By Any Media Necessary by Henry Jenkins

By Any Media Necessary by Henry Jenkins

Author:Henry Jenkins
Language: eng
Format: epub
ISBN: 9781479829712
Publisher: NYU Press


Silence and Surveillance

Being a Muslim in America is not easy at all. There are a lot of uncertainties about our role in American narratives because of 9/11.… I think this is an issue for people, for Muslims in our community, whose civil liberties are being completely pillaged. You know there are people held without … whatever, I don’t want to get into that too much.

Selina, a young American Muslim woman and an environmental activist, cut herself off when the conversation she had with Shresthova turned to concerns about civil liberties and privacy. She worried that post-9/11 security measures, such as the Patriot Act, have “pillaged” civil liberties. Selina also hesitated to speak about how surveillance of American Muslim communities had affected her behavior, but explained that she is not very active online even though she recognized that utilizing platforms like Twitter and Facebook would help her spread the word about her environmental causes.

Privacy and surveillance are both fraught concepts often positioned within a dichotomy of private versus public premised on what Helen Nissenbaum (2004) identifies as “the sanctity of certain spaces, or more abstractly, places” (102). While the specifics of the private/public dichotomy certainly merit attention, the American Muslim youth we interviewed articulated privacy in ways that echoed danah boyd and Alice Marwick’s (2011) definition, “a sense of control over how and when information flows.” American Muslim youth certainly do worry about surveillance that invades traditionally private realms—specifically, systematized monitoring systems put in place by governmental authorities and companies that work with them or may sometimes be obliged to. Such surveillance has, indeed, become a reality for some young American Muslim activists, particularly those involved in contentious social justice campaigns. Even youth who may be less involved in activist campaigns often practice “self-censorship” within what Evgeny Morozov (2012) describes as a “pervasive climate of uncertainty, anxiety, and fear” (145). As they struggle to find a semblance of comfort as they weigh the risks and possibilities of public expression, many young American Muslims strike a constantly shifting balance between finding voice and choosing silence.
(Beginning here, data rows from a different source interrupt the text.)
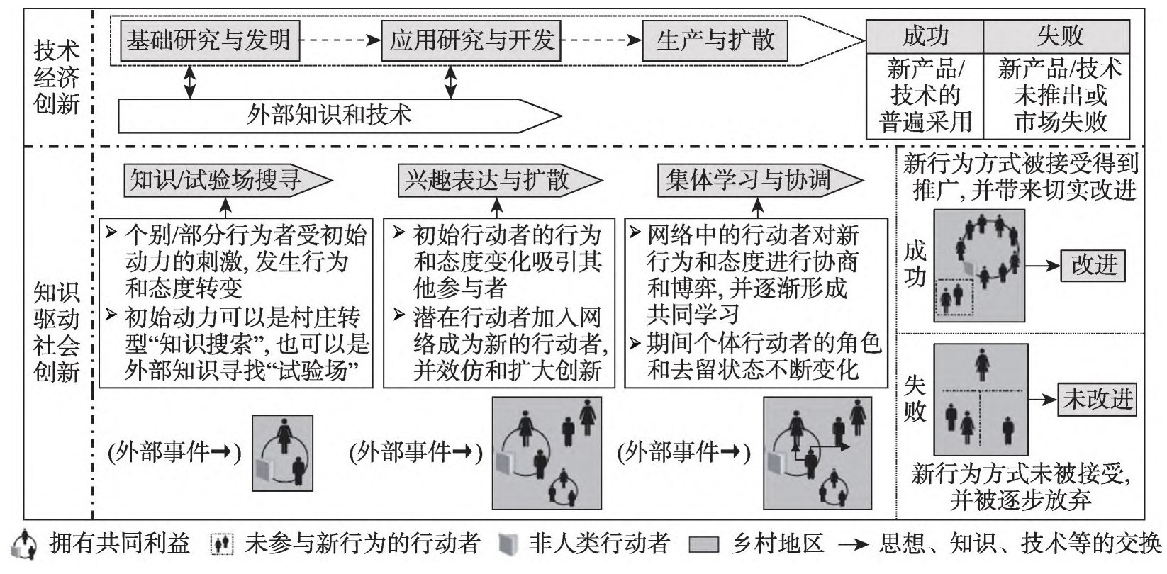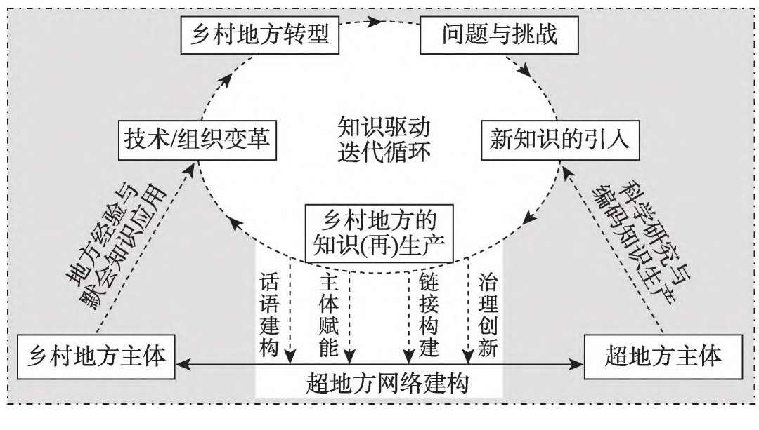 本文从中国乡村发展面临的现实困境入手,系统梳理乡村发展范式演进规律,并融合新内生发展、社会创新等相关概念,尝试提出一种更符合中国实际的知识驱动乡村转型发展的创新路径。本质上,“知识驱动”是通过科学知识或经验在乡村地区的生产、传播、反馈和再生产等,吸引不同主体参与知识创新行动,共同建立乡村发展解决方案,推动乡村发展转型的过程。由乡村内部或外部主体为解决具体问题或转变地方发展观念而激发社会创新的初始动力,推动在广域范围进行知识或试验场搜寻,构建创新驱动乡村地方发展问题解决的新话语体系。新话语体系通过赋权初始行动者和利益表达与兴趣扩散,吸引更多主体参与拓展创新网络和集体行动,促进更迭乡村地方经济社会发展的技术路径,推动乡村社会的系统性变革,实现可持续发展。需要强调的是,搭建超越乡村地方的网络链接,促进乡村地方内外多元主体针对发展问题的互动学习与行动协调,是诱导知识驱动乡村发展转型实践的关键。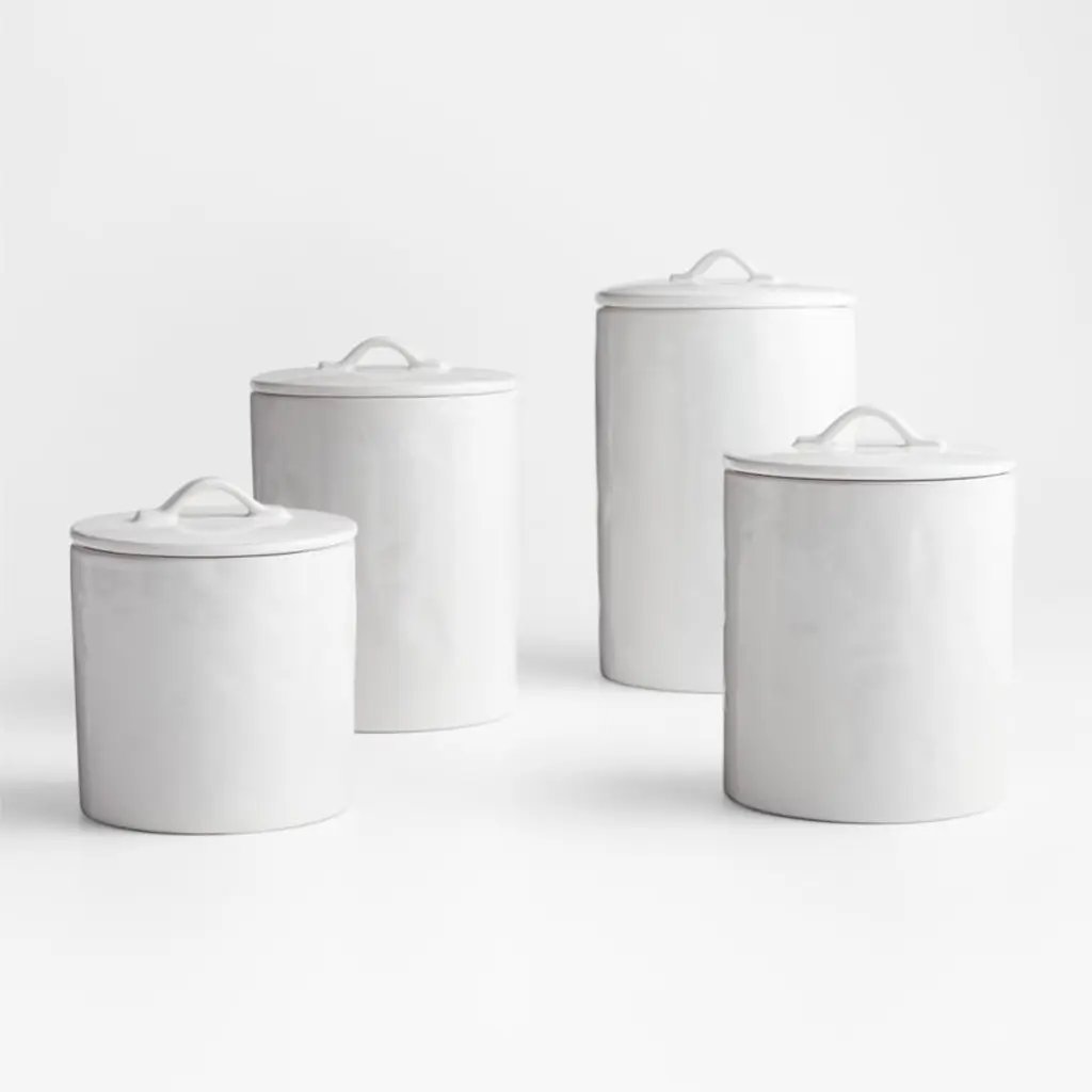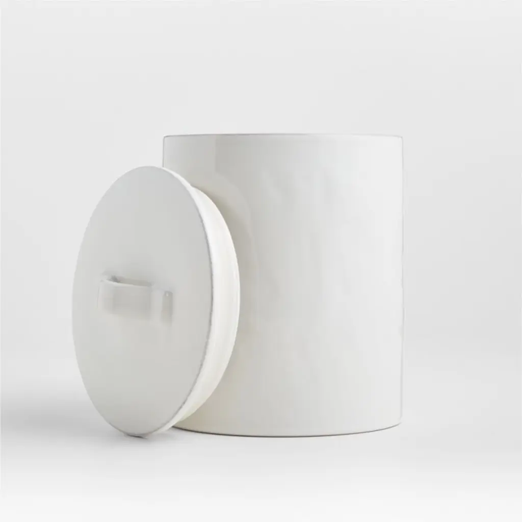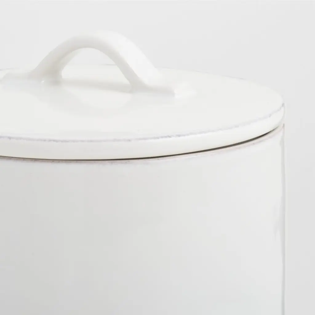 Made to complement our coveted Marin collection, this charming canister exhibits the same artisanal, organic lines. The display-worthy stoneware vessel glazed glossy white stores essential ingredients on the countertop or open shelving and cleans up easily in the dishwasher. A silicone gasket provides an airtight seal, while the pinched handle finishes the medium canister with a graceful touch. To complete the look, pair the medium canister with the matching small and large canisters and our coordinating Marin dinnerware and serving pieces.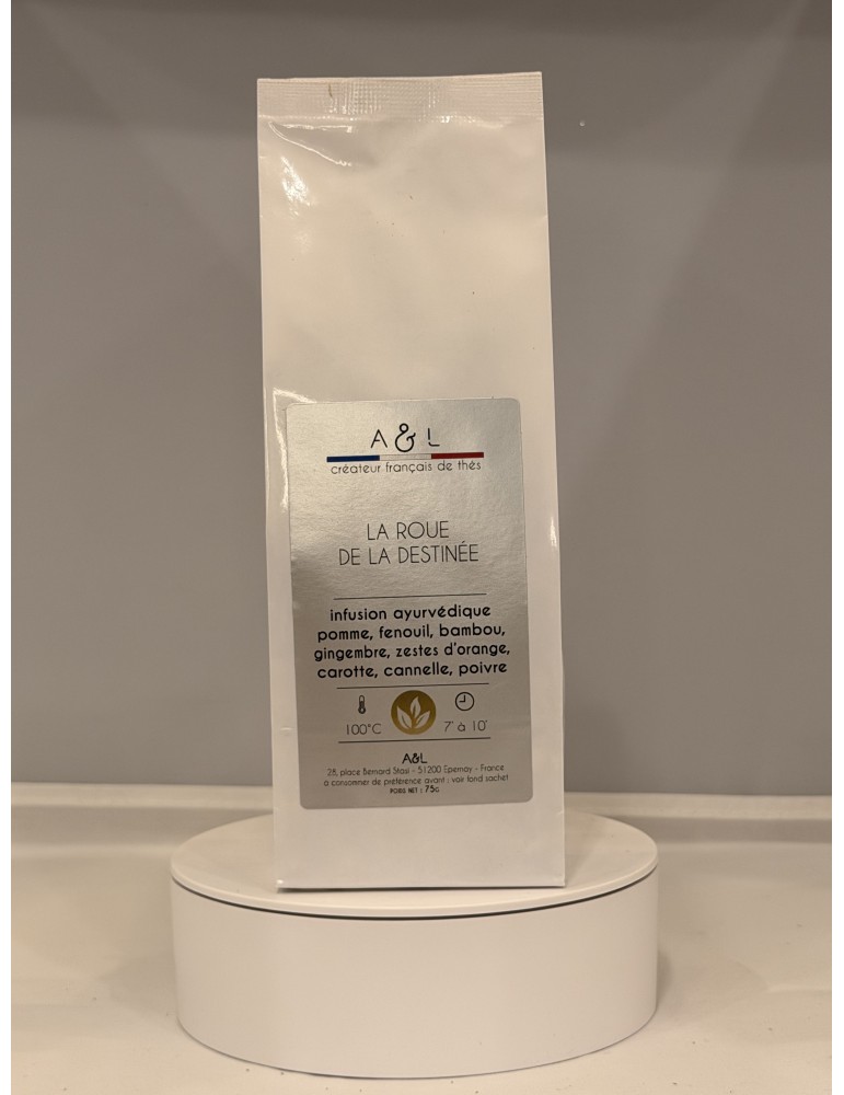De la racine à la couronne, la roue de l'énergie se met en mouvement et, les morceaux de pomme, le fenouil, le gingembre, les feuilles de bambou, le zeste d'orange, des flocons de carotte, la cannelle, le poivre et les morceaux de betterave vont réaliser le mouvement dans l'être entier.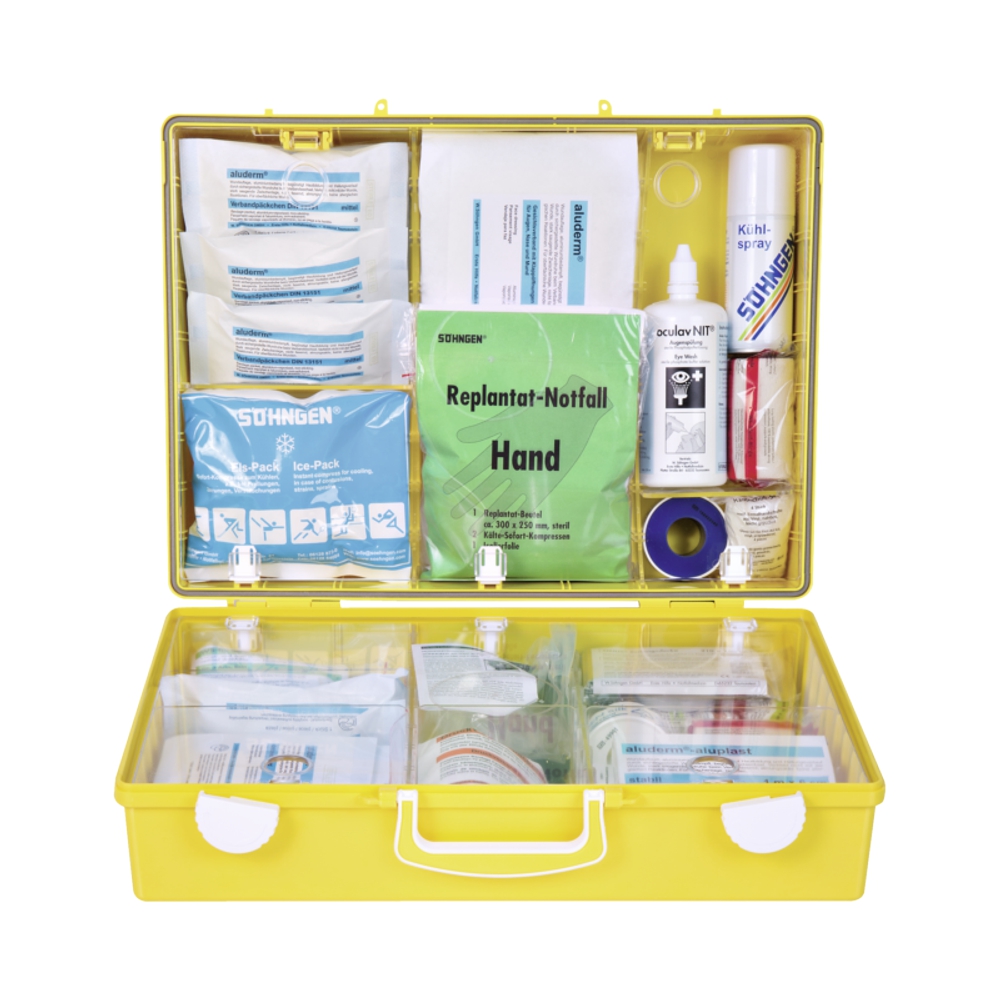 Erste Hilfe Koffer extra + INDUSTRIE SÖHNGEN Verbandkasten MT-CD gelb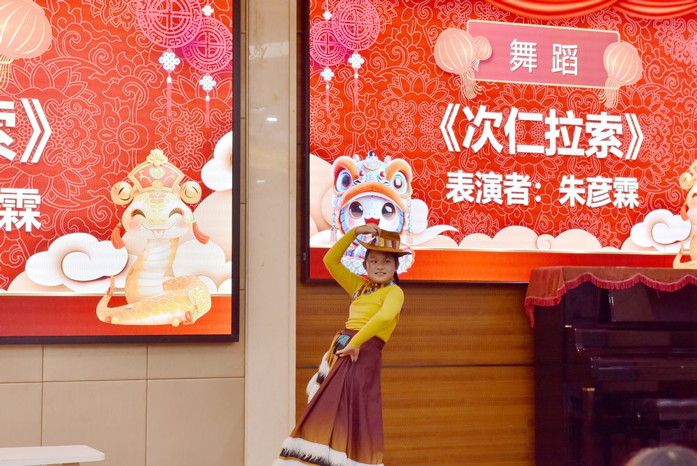 朱彦霖小朋友的藏族舞蹈《次仁拉索》,展现了一种神秘而美丽的民族风情。她身着华丽的传统服饰,手持牛仔帽,伴随着悠扬的音乐,朱彦霖用身体语言讲述了高原上小朋友充满童趣的生活,让观众们领略到了藏族小朋友对生活的热爱。

During our research, one of the most urgently articulated concerns around the silencing power of surveillance surfaced in connection with what became known as the Irvine11 campaign, supporting a group of University of California, Irvine, students (all members of the Muslim Students’ Union) arrested after they disrupted Israeli ambassador Michael Oren’s speech on campus on November 8, 2010. Prosecutors used emails and online posts as evidence that the MSU members had planned their disruption of Ambassador Oren’s speech well in advance. Tanya, an Irvine11 activist, recalled sitting in the courtroom during the trial and realizing how easily online exchanges could be used against the protesters: “They had every email from the MSU, every single email that anyone had sent out.” Reflecting on her own previous involvement with social justice organizations, local nonprofits, and labor unions, Tanya stressed that these groups were “never really active on the internet.” She recalled, “None of our communication would be online. None of it.